Seine Söhne spielten Fußball, würden wachsen. Er müsse fragen: "Können wir die Fußballschuhe vielleicht einen Monat weiterschieben?" Die Kinder würden an Weihnachten sagen: "Ein bis zwei Geschenke reichen, Hauptsache wir fahren im Sommer an die Nordsee", berichtete er. Die Entlastungsmaßnahmen kritisierte er – mit einem 9-Euro-Ticket könne er nicht knapp zwei Stunden zur Arbeit fahren, nach Steuerabzug bliebe ihm von den Pauschalen außerdem "vielleicht eine extra Tankfüllung" übrig.

Das ist das Rede-Duell des Abends

Zugegeben: Viel Streit gab es nicht. Auf Krawall gebürstet war ARD-Journalistin Anja Kohl. Gefragt, ob der Tankrabatt wirklich bei den Verbrauchern ankommen wird, sagte FDP-Mann Dürr. "Eine Garantie gibt es nicht." Ihm sei es lieber, bei den direkten Steuern anzusetzen, das Kartellamt beobachte nun aber die Mineralölkonzerne. "Wenn Absprachen da wären, dann wäre das kartellrechtswidrig", sagte er. Der Schritt sei die "einzige Möglichkeit" gewesen, Pendlerinnen und Pendler an der Tankstelle zu entlasten.

Journalistin Kohl widersprach vehement: "Die Wahrheit ist eigentlich, Herr Dürr, dass das Kartellamt wochen- oder monatelang, seit es diesen Preisauftrieb bei Energie- und Spritpreisen gibt, zugeguckt hat." Ständig sei auf eine unklare Gesetzeslage verwiesen worden. Die hohen Spritpreise hätten mit hohen Ölpreisen nichts mehr zu tun gehabt. Eine angekündigte Novellierung beim Kartellamt habe es nicht gegeben. "Es ist bis heute nichts passiert", kritisierte sie.

So hat sich Frank Plasberg geschlagen

Plasberg war in seiner Moderation ungewöhnlich ruhig und analytisch, kaum provokante Töne waren am Montagabend von ihm zu vernehmen. Das war dem Thema angemessen. "Wer kann das in den Griff bekommen, wer sind die Player?", fragte er mit Blick auf die Inflation beispielsweise, ebenso: "Kann der Staat die Preissteigerungen immer wieder ausgleichen?"
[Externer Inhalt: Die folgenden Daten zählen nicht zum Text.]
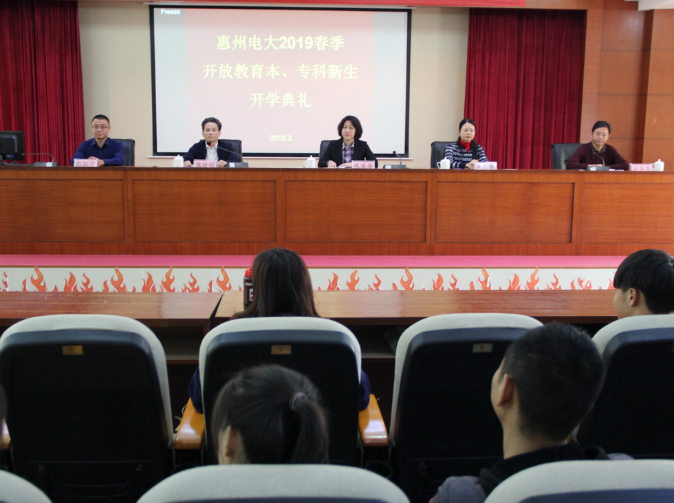 3月23日,惠州电大在12楼多功能会议厅举行2019年春季开放教育新生开学典礼。党委书记、校长张海燕,副校长范慧新、陈玲明,相关科室负责人及开放教育班主任、全体新生参加典礼。
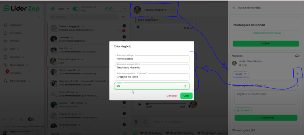 É super simples criar um Card “manualmente” no CRM utilizando a conversa do WhatsApp, mas para isso, o WhatsApp precisa está vinculado no CRM através da leitura do QRCODE da mesma forma que fazemos para conectar o WhatsApp do celular no Web.
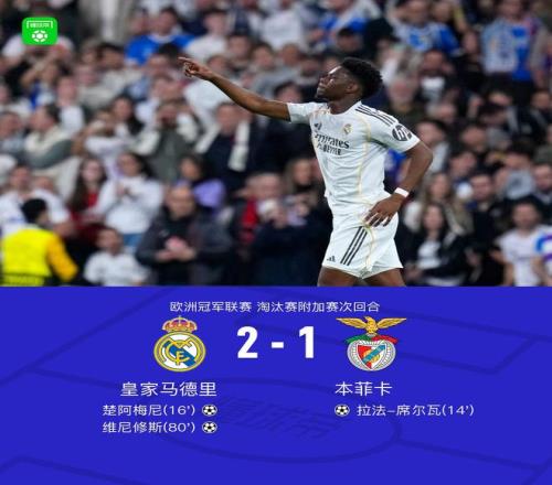 北京時(shí)間2月26日歐洲冠軍聯(lián)賽 淘汰賽附加賽次回合,皇家馬德里對(duì)陣本菲卡?;始荫R德里楚阿梅尼破門,維尼修斯破門。本菲卡拉法-席爾瓦破門。最終比分皇馬 2-1 本菲卡。兩回合總比分皇馬3-1本菲卡。
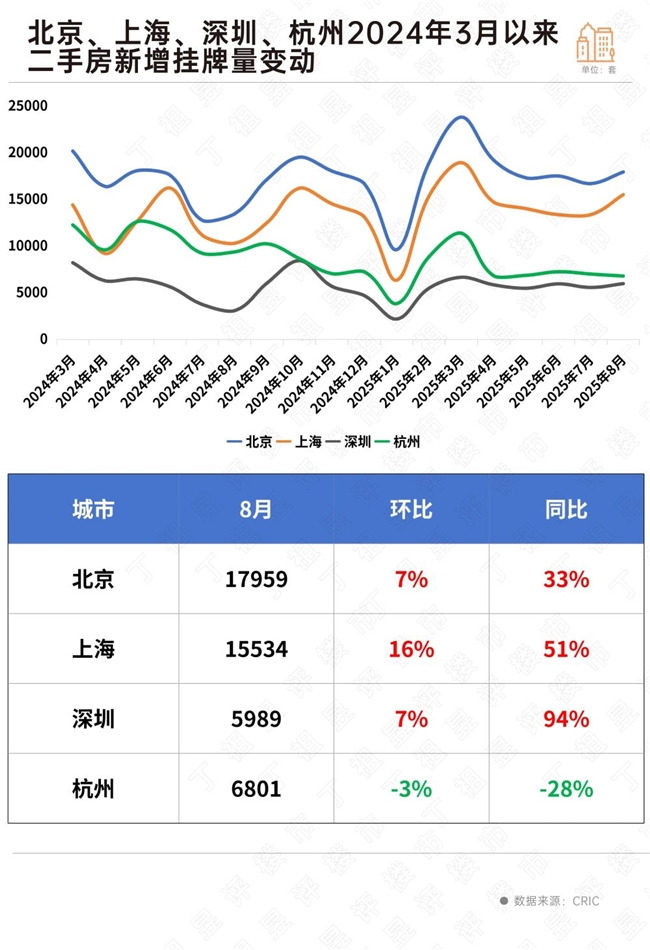 从CRIC监测的北京、上海、深圳、杭州四城新增挂牌套数来看,8月四城挂牌量季节性回升,但四大城市的二手房市场正在经历一场深刻的“信心分化”。

Es gelang Plasberg auch, die Thematik für die Zuschauer anschaulich herunterzubrechen. "Dem einen geht’s ans Depot, dem anderen an den Kühlschrank", bebilderte Plasberg beispielsweise. Gut angekommen sein dürfte auch, dass er Studiogast Jens Diezinger jede Menge Redeminuten einräumte.
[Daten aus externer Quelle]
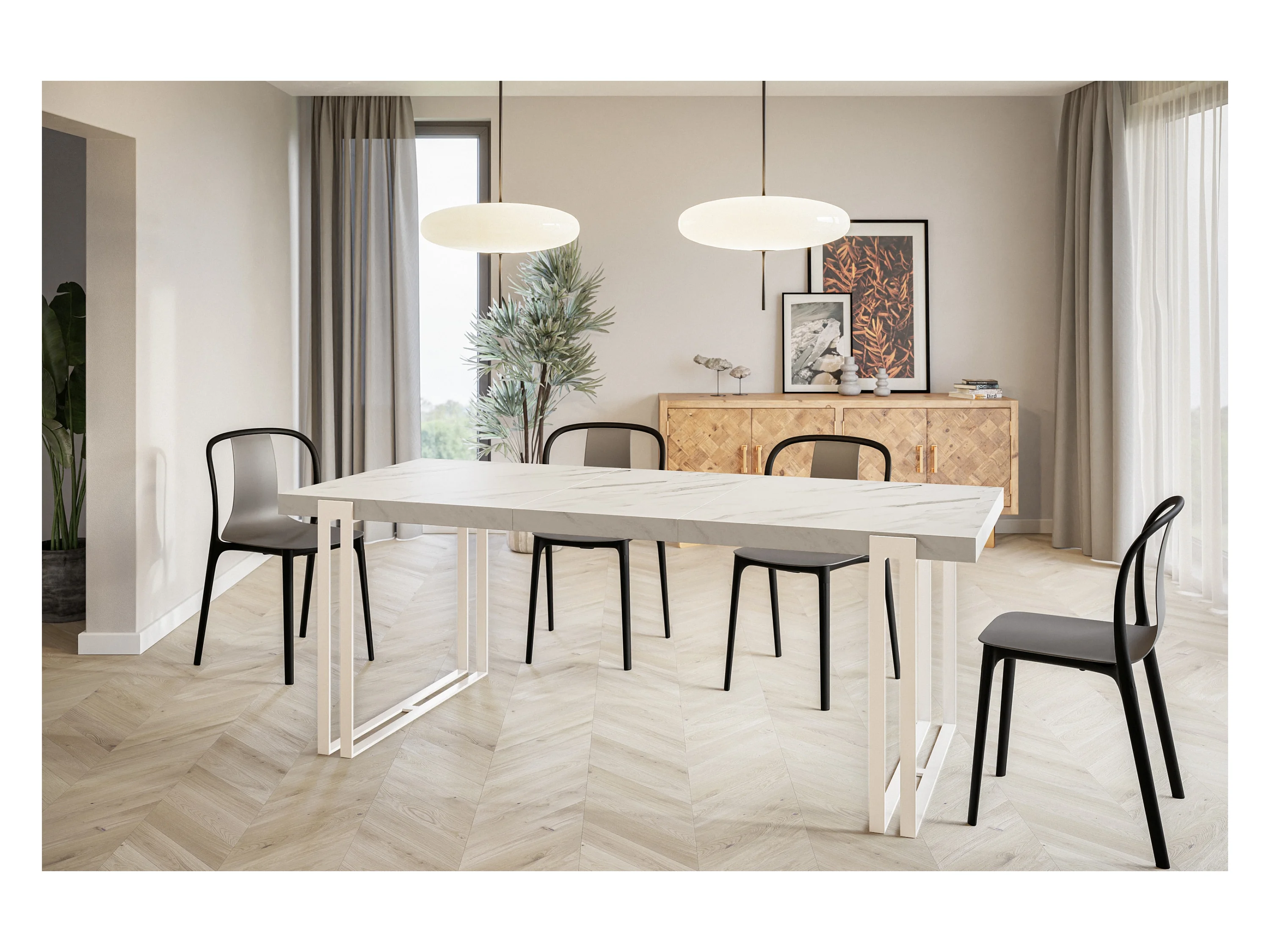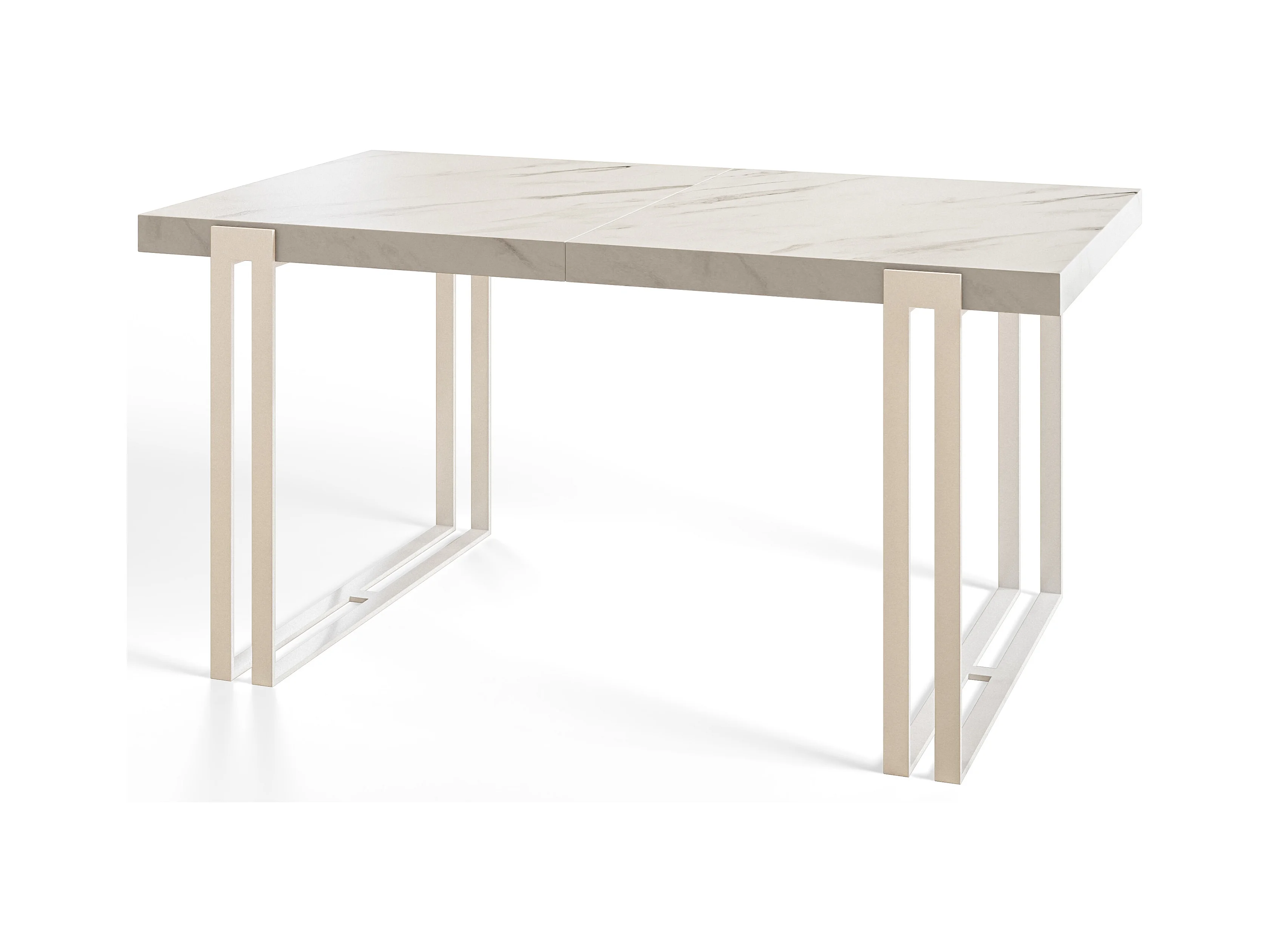 Table de salle à manger rectangulaire ROSA, table à rallonges, dimensions: 160-260X90X77 cm,couleur: MARBRE, avec pieds métalliques de couleur blanche
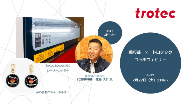 レーザー加工機メーカーのトロテック(本社:欧州オーストリア)は、2021年7月27日(火)11時~、株式会社 藤巧芸とのコラボウェビナーをオンラインで開催します。

Das ist das Ergebnis bei "Hart aber fair"

Man merkte: Es ist wichtig, dass Politik und Bürger in den direkten Dialog miteinander treten. Die Schwächen der politischen Maßnahmen treten nämlich erst dann zutage, wenn man die Lebensrealität einer deutschen Familie danebenlegt. Wichtig bleibt dann nur, dass die Politik sich nicht in Lagerkämpfen, Phrasen oder Parteizwist verheddert – sondern wirklich zuhört.